Early-stage collaboration and process governance
Several speakers converged on a key point: bringing all relevant competencies — design, construction, economic — to the table in the early stages of the process can significantly reduce downstream risk. BIM was recognised as a major contribution in this regard, not only as a technical tool but as a framework that compels cross-disciplinary engagement, challenging self-referential working practices.
The conversation also addressed governance as a frequently underestimated factor: structured control and reporting systems, deployed from the earliest project stages, were identified as prerequisites for detecting issues in time and safeguarding investments. A shift from penalty-based to incentive-based contractual mechanisms emerged as a potential lever to align stakeholder interests and foster genuine cooperation.
Attracting tomorrow’s professionals
The final part of the discussion turned to the sector’s medium-term sustainability.

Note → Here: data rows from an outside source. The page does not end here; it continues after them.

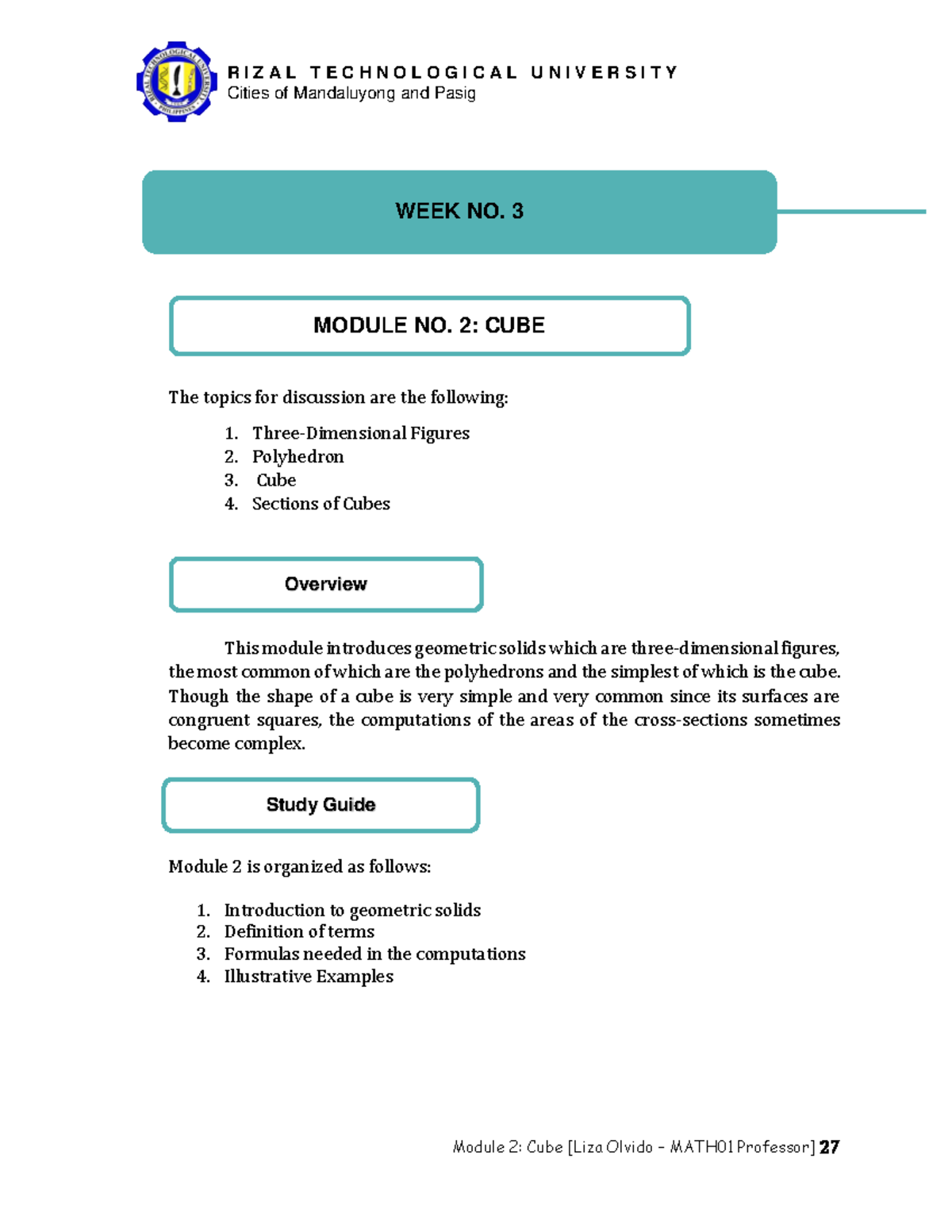 MATH01 Module 2 Cube - Cities of Mandaluyong and Pasig The topics for ...
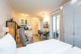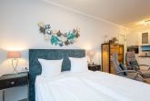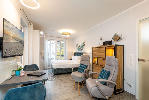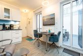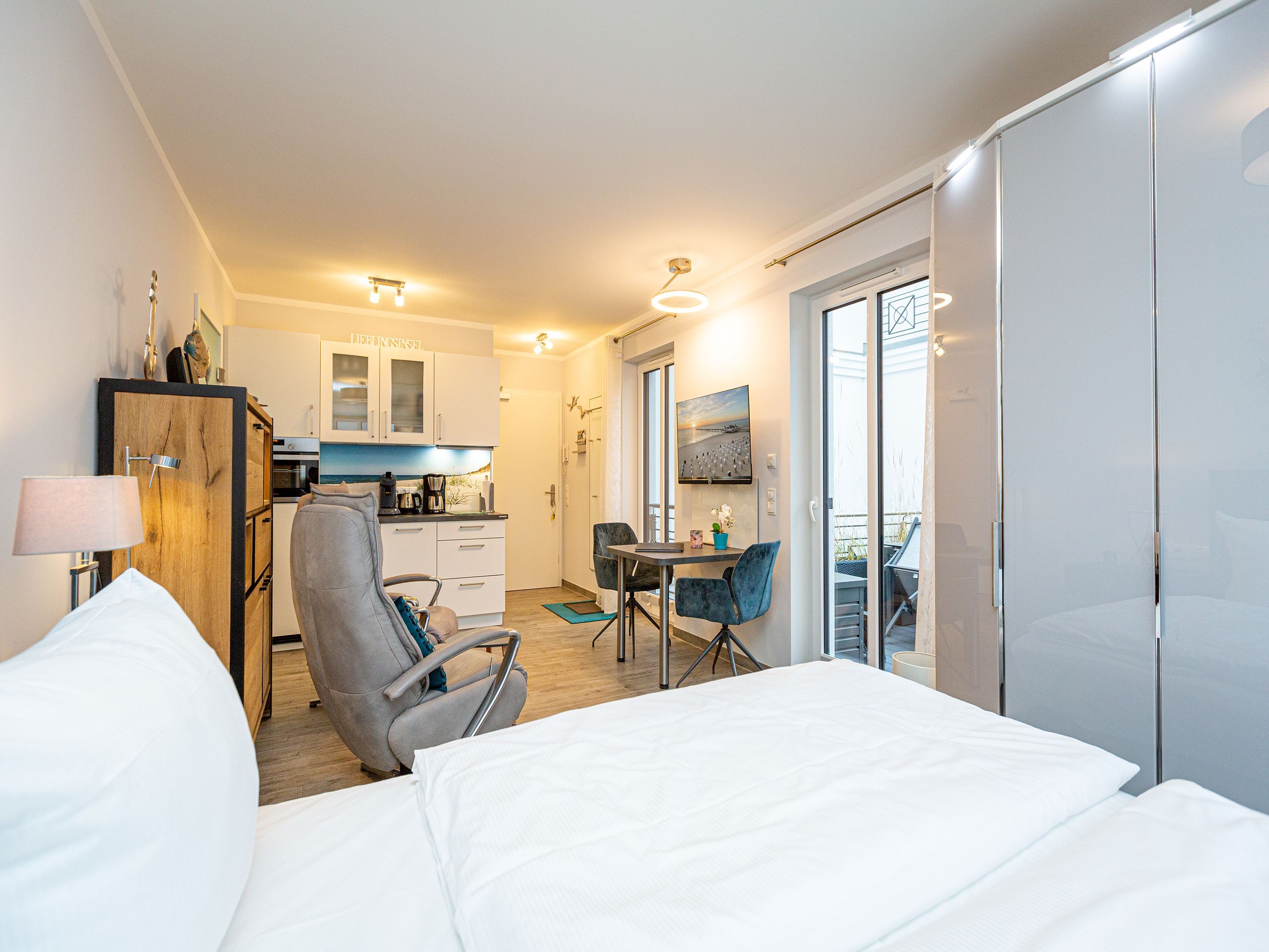 Genießen Sie die Nähe zum Ostseestrand und die zentrale Lage dieses gemütlichen Ein-Raum-Appartements Strandnest im 1. Obergeschoss. Die 27qm sind ideal für zwei Personen und bieten neben einem Schlafbereich mit Boxspringbett (1,60m x 2,00m), eine Küchenzeile (2-Platten-Induktionskochfeld, Backofen, Spülmaschine) und einen Wohn-Essbereich mit Lounge Sesseln und Essplatz für Sie und Ihre Begleitung. Ein 40 Zoll Flat-TV sowie ein Radio mit CD-Player gehören ebenso zur Ausstattung wie eine Senseo-Kaffeemaschine. Die bequemen Sonnenliegen und der Esstisch für bis zu drei Personen auf dem 15qm großen Ost-Balkon laden zum entspannten Verweilen an der frischen Luft ein. Das Badezimmer verfügt über eine Dusche und ein WC. Ein Stellplatz in der hauseigenen Tiefgarage und kostenfreies W-Lan runden Ihren Aufenthalt in diesem Appartement ab. Ein separater Abstellraum für Ihre Fahrräder steht Ihnen außerdem zur Verfügung.
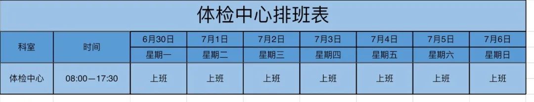 体检中心排班表
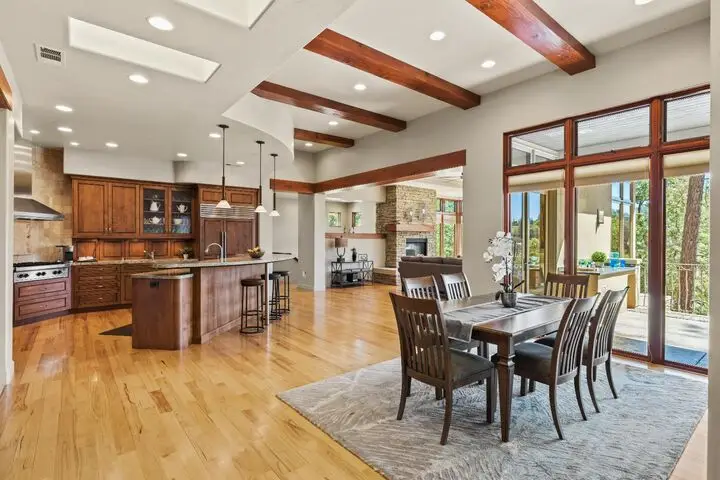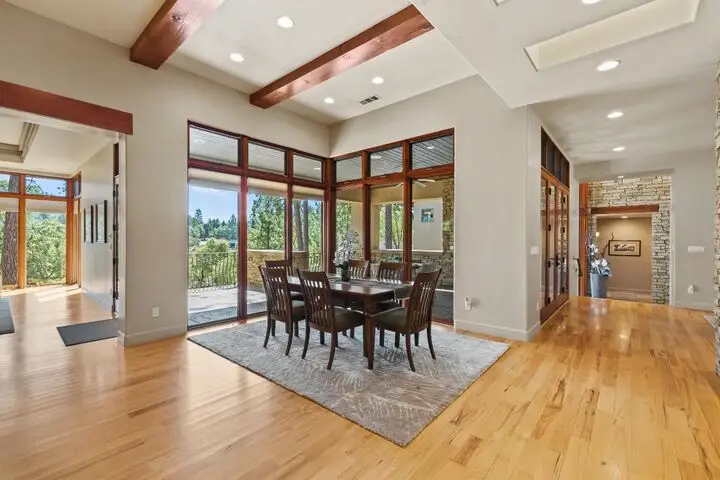Welcome to this stunning 4,600 square foot custom home situated on a 1.1-acre lot. Featuring 4+ bedrooms and 3.5 bathrooms, it offers a luxurious living experience in Meadow Vista's Winchester Country Club community. Upon entering, you're greeted by sweeping forested views, an open floor plan, and an abundance of natural light streaming through expansive floor-to-ceiling windows that beautifully enhance the space. The home exudes a peaceful and inviting atmosphere throughout, with its beautiful hickory wood flooring and numerous skylights! The Chef's kitchen is equipped with high-end Wolf appliances, a Sub-Zero refrigerator, and ample space for entertaining. A large temperature-controlled wine cellar and butler's pantry enhance the kitchen experience. The expansive primary suite includes a private balcony, perfect for enjoying morning coffee or relaxing evenings while taking in the scenic surroundings, free standing bathtub, gorgeous marble vanities and large walk-in closet. Enjoy exclusive access to two private clubhouses, including the Swim & Tennis Club, and the highly acclaimed Robert Trent Jones Jr.-designed golf course, voted one of the toughest courses in Northern California. The community offers resort-style amenities, and 24/7 security patrol.
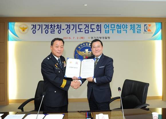 경기지방경찰청(청장 김종양)에서는 지난 2일 경기경찰청 1회의실에서 경기지방경찰청 김상운 1부장과 경기도검도회 김운기 회장 등 10여명이 참석한 가운데 경기청 소속 경찰관에 대한 무도훈련 지원을 위한 업무협약을 체결했다.
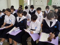 今日は教育アドバイザーの先生(元 中学校の校長)から、担当の先生に指導・助言をしていただきました。
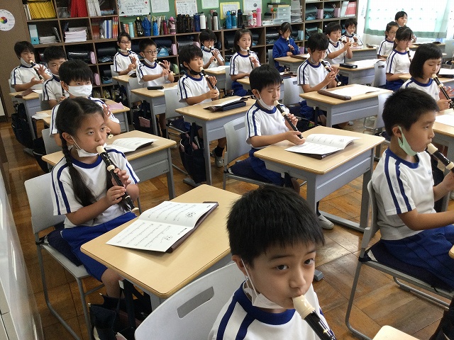 「ソ」の音を発するだけでも難しいところに、音の飛び越え・・・練習あるのみです! この「♪ねこ吹いちゃった」を制覇すれば、3年生が吹けるリコーダーレパートリー曲は6曲になります。
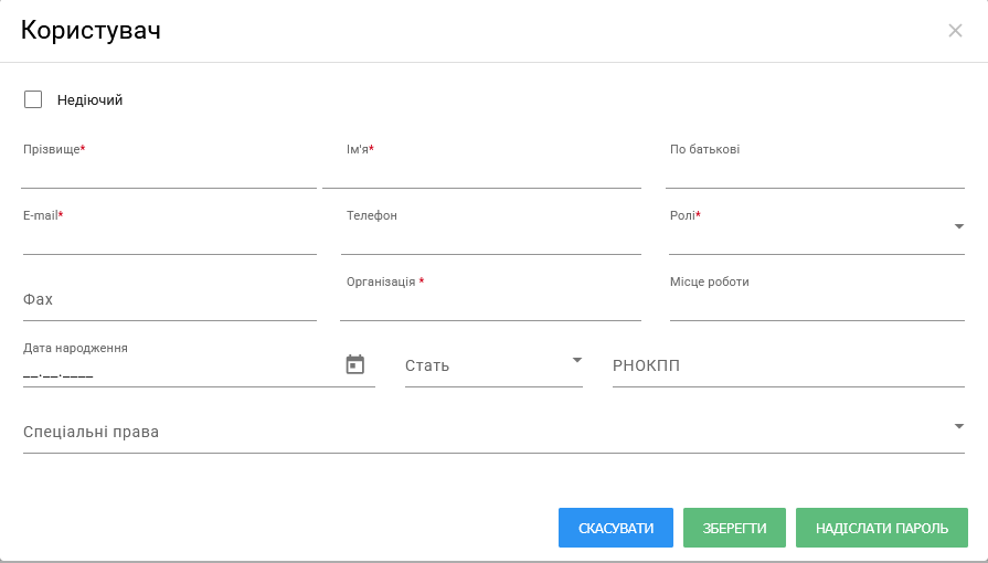 - розширено набір полів картки користувача новими атрибутами: «Дата народження», «РНОКПП», «Стать».

Public perception of the construction industry remains unfavourable, the appeal of technical professions linked to the built environment is declining, and demographic trends are further shrinking the pool of potential professionals. The debate underscored the persistent gap between academic training and industry practice, while also acknowledging promising efforts to bridge it through direct integration of university programmes and live construction sites.
Compared to a few decades ago, cross-functional roles such as the Project Manager have become established and the level of required specialisation has grown considerably. Yet the panel’s consensus was unanimous: there is no single solution. The industry needs to make this work appealing again — a process already underway, but one that demands a shared cultural shift across the entire supply chain.